Games are supposed to be built around a specification and having a turbo mode in a console not only increases the ambiguity of development and how well software performs, but could lead to another RROD fiasco if some piece of software keeps the turbo mode going too long, even in just one core of many. I would highly discourage such an idea, multi-thread your goddamn code if it's overloading just one core/thread.
Controlling the clock speed for non gaming tasks I would think is already implemented though. As pulling 100W just to run a DVD is madness.
I wasn't advocating that the developers would have control over the overclocking portion of the system. I don't know how smart the system would have to be to automatically overclock based on certain code criteria or even if it would be beneficial. My thought was the developer wouldn't even have to know it was happening, for all they know that is the speed they are getting for that particular code, if it was because it was overclocked or not. This could however lead to some developers writing code in such a way as to cheat the system to provide that overclock more often then not.
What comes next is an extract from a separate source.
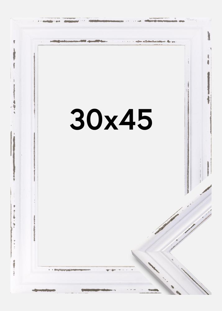 Jeśli nie masz szczęścia odziedziczyć starych oprawionych fotografii rodzinnych, musisz stworzyć te obrazy samodzielnie. Oto dekoracyjnie zużyta ramka, która doskonale nadaje się do tego celu! Ramka jest biała, z klasycznie profilowaną listwą i przetartymi miejscami, przez które przebija drewno. Wybierz spośród różnych rozmiarów!

Was just curious if certain small amounts of code would benefit with a slight overclock that the system would just throttle to and fro depending on the data it needs to crunch. I would also hope current throttling of some kind is being performed during less demanding tasks.
I only bring this up because I have a rooted Droid and have set my Droid to overclock and underclock ondemand. It has given me both better performance and increased battery life as my stock 550mhz processor goes down to 250mhz when the screen is off and or the load is small up to 800mhz when its doing extensive tasks. The only problem is there is an inherent delay with ondemand, by the time the system realizes it needs to overclock it had already started to crunch data at the slower speed.